Just got a kit of the Enterprise aircraft carrier by ARII, and it states it as 1:800 scale.

Not being that great at scale conversions, can anyone tell me roughly how long this kit would be, so I don't have to ruin the box, by removing the plastic wrap? Anyone also have any pics of this kit opened or finished they could post that I can "ohh and ahh" over?

Any help greatly appreciated!

Sincerely,
Scorp.

"Boldly GO!" :wave:


----------



## djnick66 (May 2, 2008)

Take the length of the real ship in inches (google is your friend) and divide by 800

Basically take the number of feet, multiply by 12 and divide by 800


----------



## Scorpitat (Oct 7, 2004)

Roughly 16 1/2 inches..........coooool!

Thanks for the help!

Scorp.


----------



## John P (Sep 1, 1999)

Why wouldn't you open the box? Aren't you going to build it?


----------



## djnick66 (May 2, 2008)

Its not like its a rare kit either. I always open kits for a few reasons, one to make sure its complete and not missing anything or a short shot. You can't exchange or return a bad kit 9 years later when you pop it open and find its missing something. Plus shrink wrap continues to shrink with time and warps the box lids badly.


----------



## Scorpitat (Oct 7, 2004)

Not building it yet John. It may end up being in the pile for awhile, or may be a winter project. Who knows.
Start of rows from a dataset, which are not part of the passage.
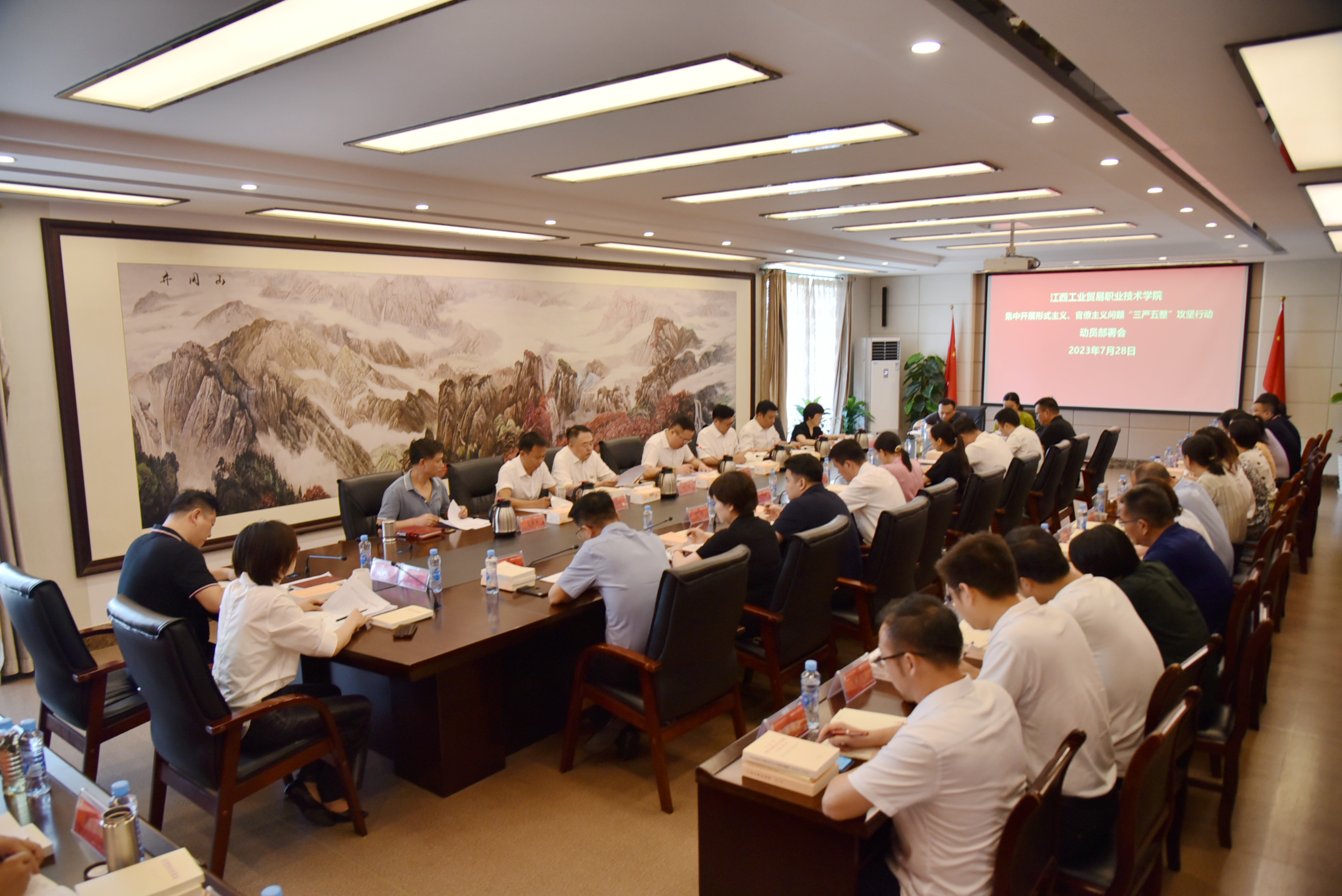 7月28日上午,根据江西省粮食和物资储备局工作部署和学院主题教育工作安排,学院召开集中开展形式主义、官僚主义问题“三严五整”攻坚行动动员部署会,研究学院做好集中整治工作的具体措施。学院全体院领导及中层干部参会,党委副书记、院长万晓波主持会议并作总结讲话。
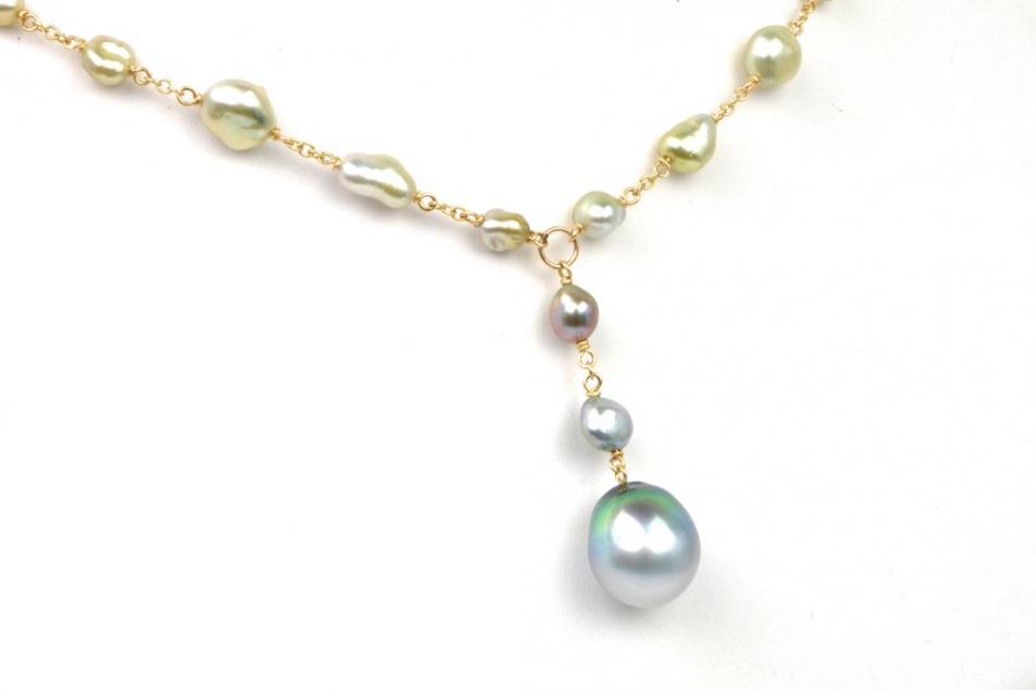 This was on my wish list for about 5 minutes after the morning PP drop. Then it was gone (sold!). A 35 inch Tahitian rope with rare, gorgeous aqua overtones. It really stood out next to the more common green Tahitian ropes.
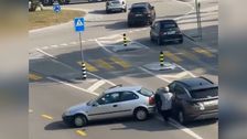 Kuriose Szenen in der Schweiz: Ein Pkw-Fahrer rammt ein anderes Auto und fährt dann einfach weg - direkt in den Straßengraben.
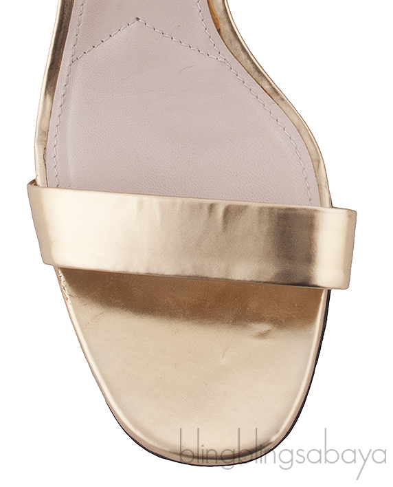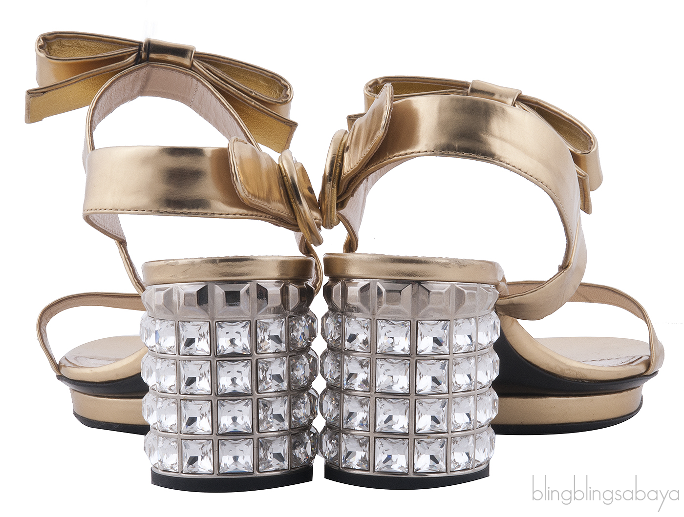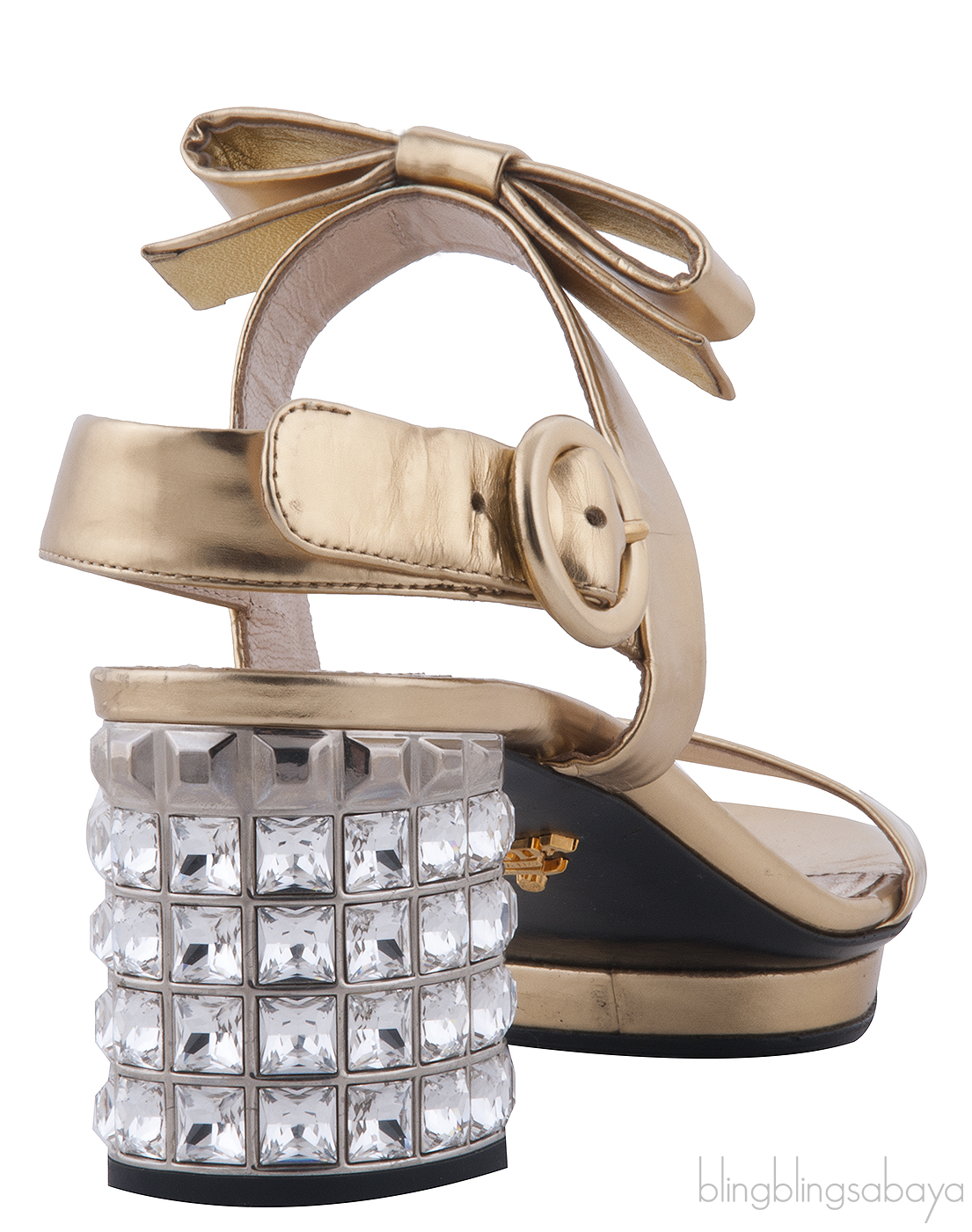 This Crystal Heel Ankle Strap Sandals from Prada is crafted in gold patent leather upper with nude leather lining. This sandals features a strap leather vamp open toe, bow detailing so upper strap, gold buckle fastening, leather lined insole, 70 mm high round block heel fully covered with crystals and rubber outsole
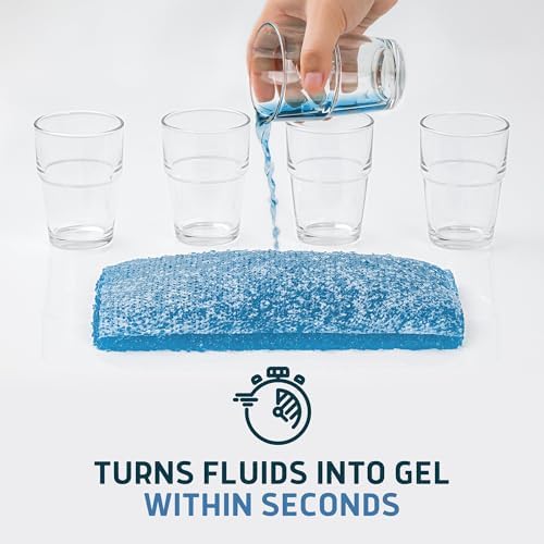 - No More Spills or Splashes - The included super absorbent pads turn water-based & body fluids (up to 35 oz /1000ml) into a gel within seconds while reducing odors.
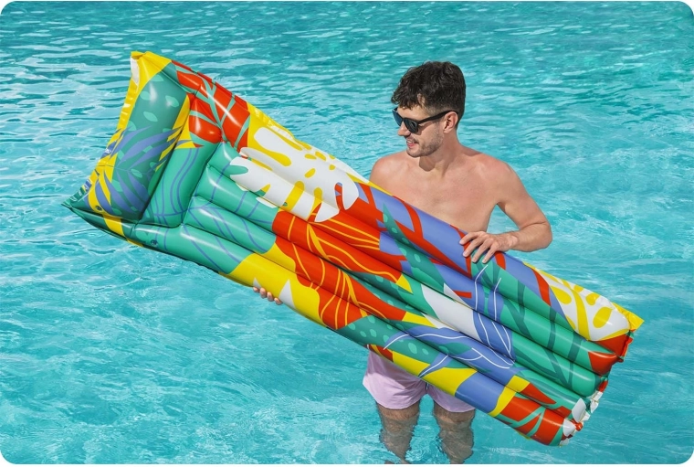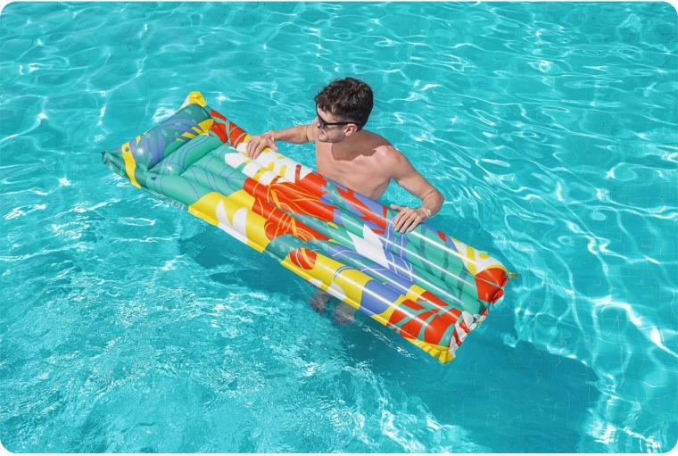 Het BESTWAY opblaasluchtbed is perfect voor zomerse ontspanning en plezier. Dankzij de lichte en duurzame PVC-constructie is het makkelijk te dragen, snel op te blazen en biedt het comfortabel liggen met hoofdonsteuning. Het opvallende tropische design springt direct in het oog en geeft je waterrelax een stijlvolle touch.
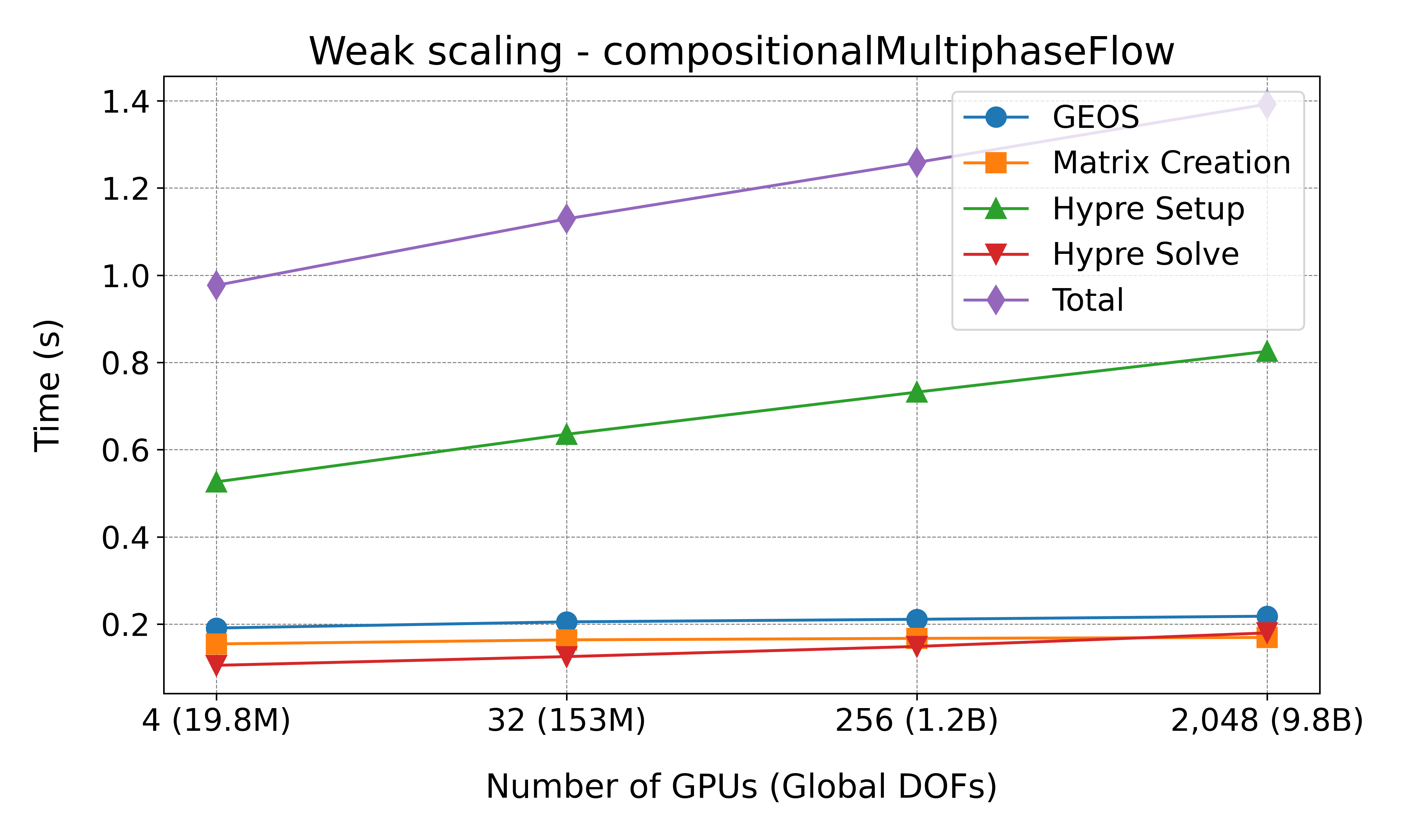 execution times per non-linear step for the following phases: GEOS, matrix creation, Hypre
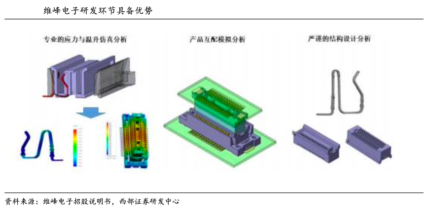 經(jīng)典案例:根據(jù)維峰電子招股說(shuō)明書(shū)、西部證券研發(fā)中心等綜合資訊表明,在產(chǎn)品設(shè)計(jì)階段,維峰電子公司較早建立電子連接器技術(shù)研發(fā)中心,引進(jìn)國(guó)內(nèi)外先進(jìn)的連接器 CAE 仿真設(shè)計(jì)軟件及 3D 模流分析軟件, 有效縮短新產(chǎn)品開(kāi)發(fā)周期和客戶需求響應(yīng)時(shí)間。
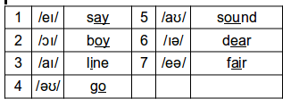 2. Look at the IPA symbols of the English diphthongs and pronounce the words in the chart:

LOL

I have Vipers waiting to be built, a large Seaview and Flying Sub staring at me, and of COURSE, the NEW BATTLESTAR is on it's way, and jumping to the front of the build line..........ya know what I mean?

Sincerely,
Scorp.

"Boldly GO!" :wave:


----------



## irishtrek (Sep 17, 2005)

All modern day super carriers are about 1000- 1200 feet long.
And if you really want to know go to www.hazegray.org and if you can't still find what you're looking for then try www.navsource.org and click on what ever ship name you are wanting info on.


----------